=== INSTRUCTIONS FOR THE TASK ===
After finding the line with "- Three Control" in the data below, set down exactly each line through the one with "本次运动会设游泳、篮球、羽毛", inclusive, and stop there.

=== TASK MATERIAL ===

*** Begin section ***

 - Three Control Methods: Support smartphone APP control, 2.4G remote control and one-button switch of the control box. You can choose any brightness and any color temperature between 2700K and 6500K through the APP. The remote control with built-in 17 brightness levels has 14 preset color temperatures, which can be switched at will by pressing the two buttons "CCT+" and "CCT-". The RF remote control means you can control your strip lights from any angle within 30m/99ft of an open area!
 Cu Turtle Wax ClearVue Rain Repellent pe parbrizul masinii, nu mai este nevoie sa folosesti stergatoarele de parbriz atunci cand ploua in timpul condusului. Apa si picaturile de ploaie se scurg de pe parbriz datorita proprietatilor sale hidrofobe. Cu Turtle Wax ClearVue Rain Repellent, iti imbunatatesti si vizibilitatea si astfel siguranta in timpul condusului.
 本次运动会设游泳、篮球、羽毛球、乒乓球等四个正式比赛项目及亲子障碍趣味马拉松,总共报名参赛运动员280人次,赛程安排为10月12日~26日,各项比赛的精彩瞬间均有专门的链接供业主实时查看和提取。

*** End section ***
*** Begin section ***

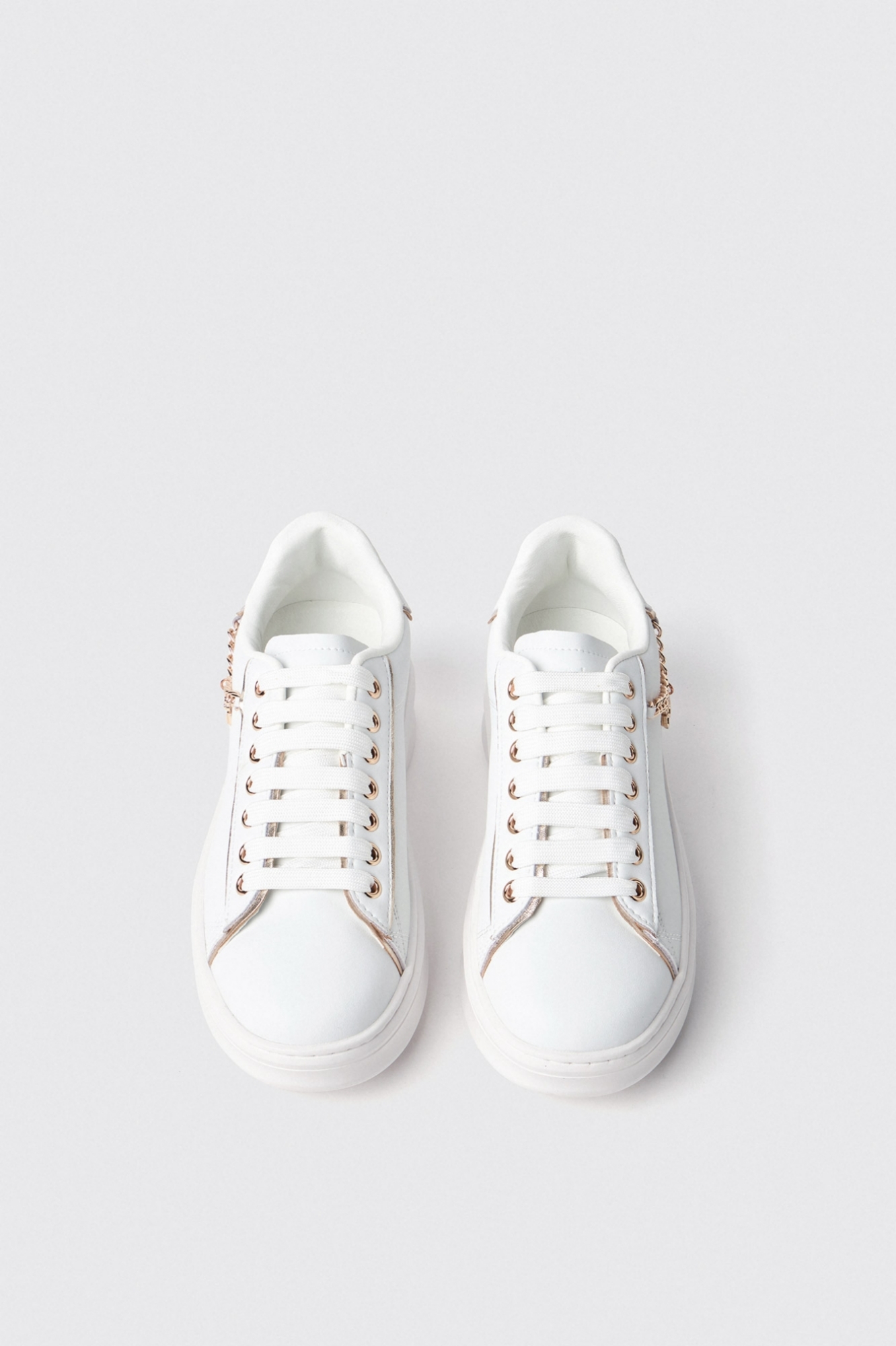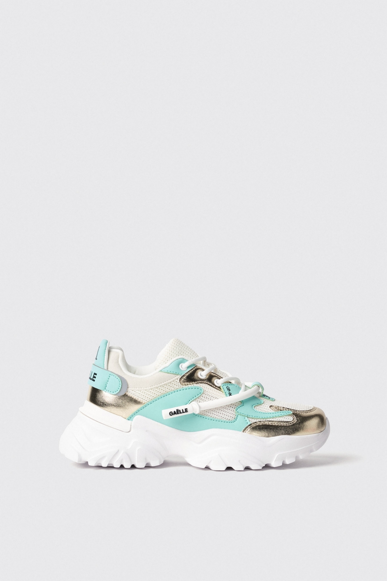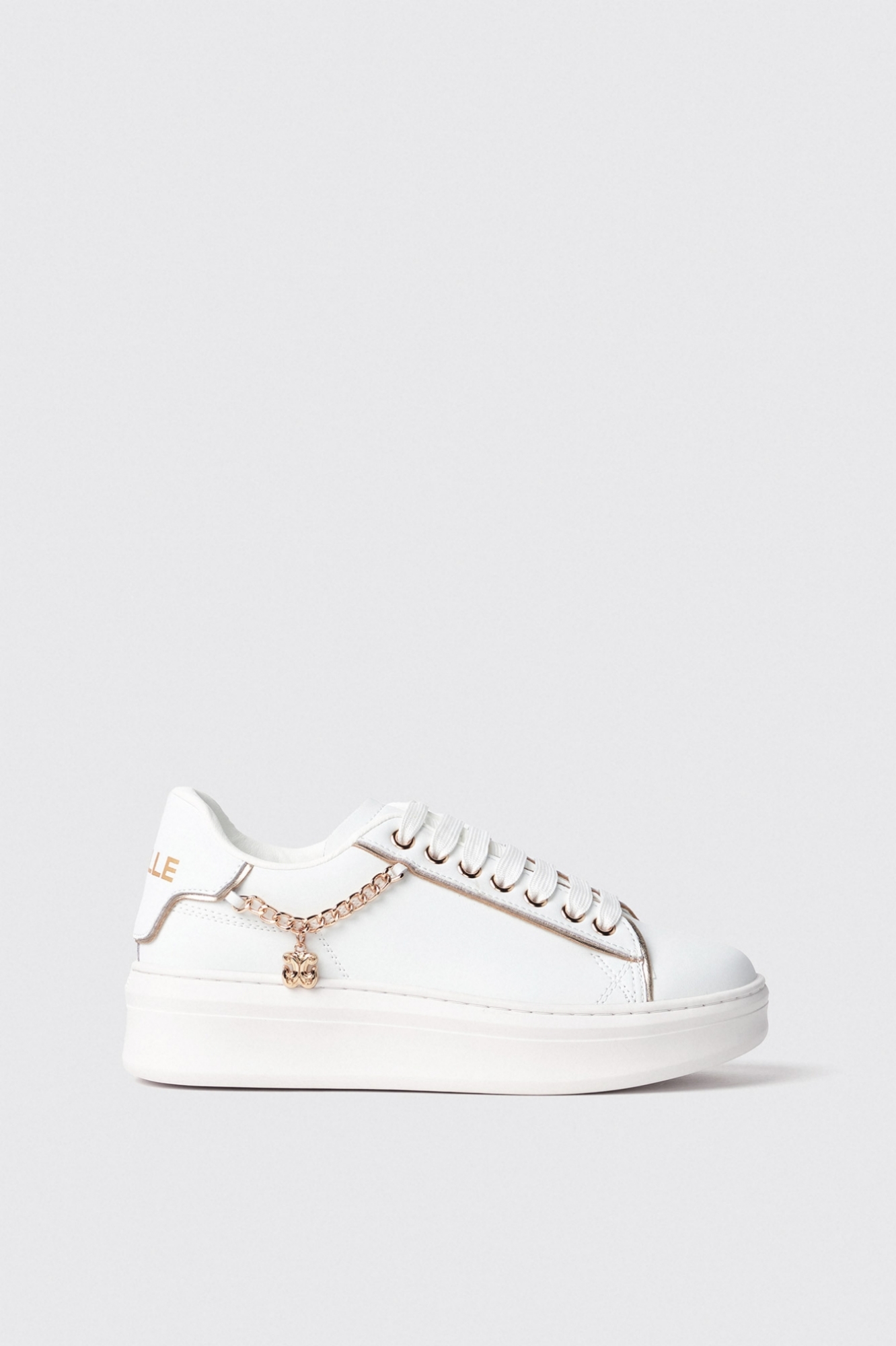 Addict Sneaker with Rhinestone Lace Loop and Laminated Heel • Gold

*** End section ***
*** Begin section ***

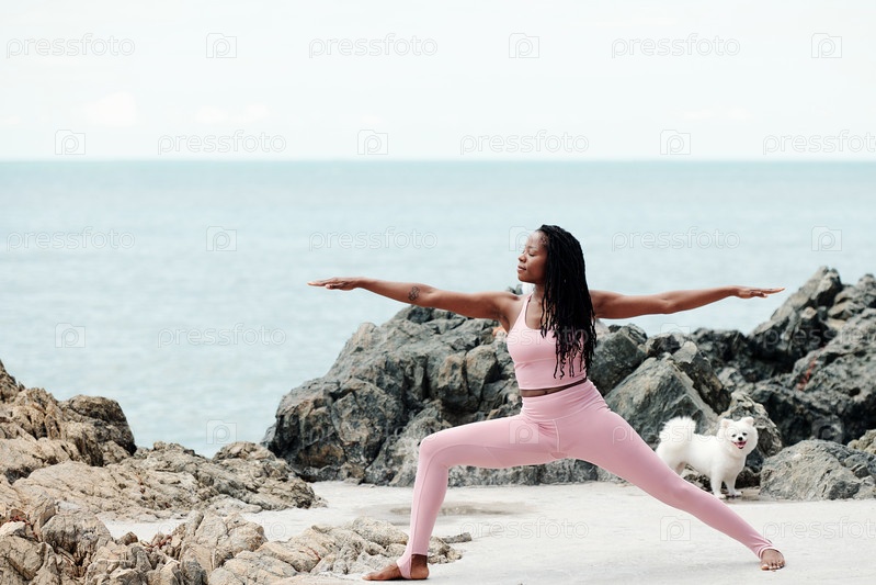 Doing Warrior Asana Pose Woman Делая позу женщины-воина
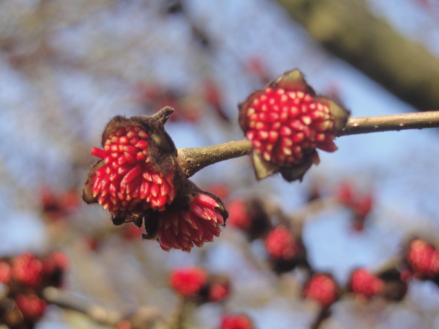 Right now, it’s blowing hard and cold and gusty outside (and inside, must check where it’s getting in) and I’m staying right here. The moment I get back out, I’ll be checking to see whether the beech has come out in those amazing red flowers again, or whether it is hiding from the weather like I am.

*** End section ***

=== THE ANSWER ===
 - Three Control Methods: Support smartphone APP control, 2.4G remote control and one-button switch of the control box. You can choose any brightness and any color temperature between 2700K and 6500K through the APP. The remote control with built-in 17 brightness levels has 14 preset color temperatures, which can be switched at will by pressing the two buttons "CCT+" and "CCT-". The RF remote control means you can control your strip lights from any angle within 30m/99ft of an open area!
 Cu Turtle Wax ClearVue Rain Repellent pe parbrizul masinii, nu mai este nevoie sa folosesti stergatoarele de parbriz atunci cand ploua in timpul condusului. Apa si picaturile de ploaie se scurg de pe parbriz datorita proprietatilor sale hidrofobe. Cu Turtle Wax ClearVue Rain Repellent, iti imbunatatesti si vizibilitatea si astfel siguranta in timpul condusului.
 本次运动会设游泳、篮球、羽毛球、乒乓球等四个正式比赛项目及亲子障碍趣味马拉松,总共报名参赛运动员280人次,赛程安排为10月12日~26日,各项比赛的精彩瞬间均有专门的链接供业主实时查看和提取。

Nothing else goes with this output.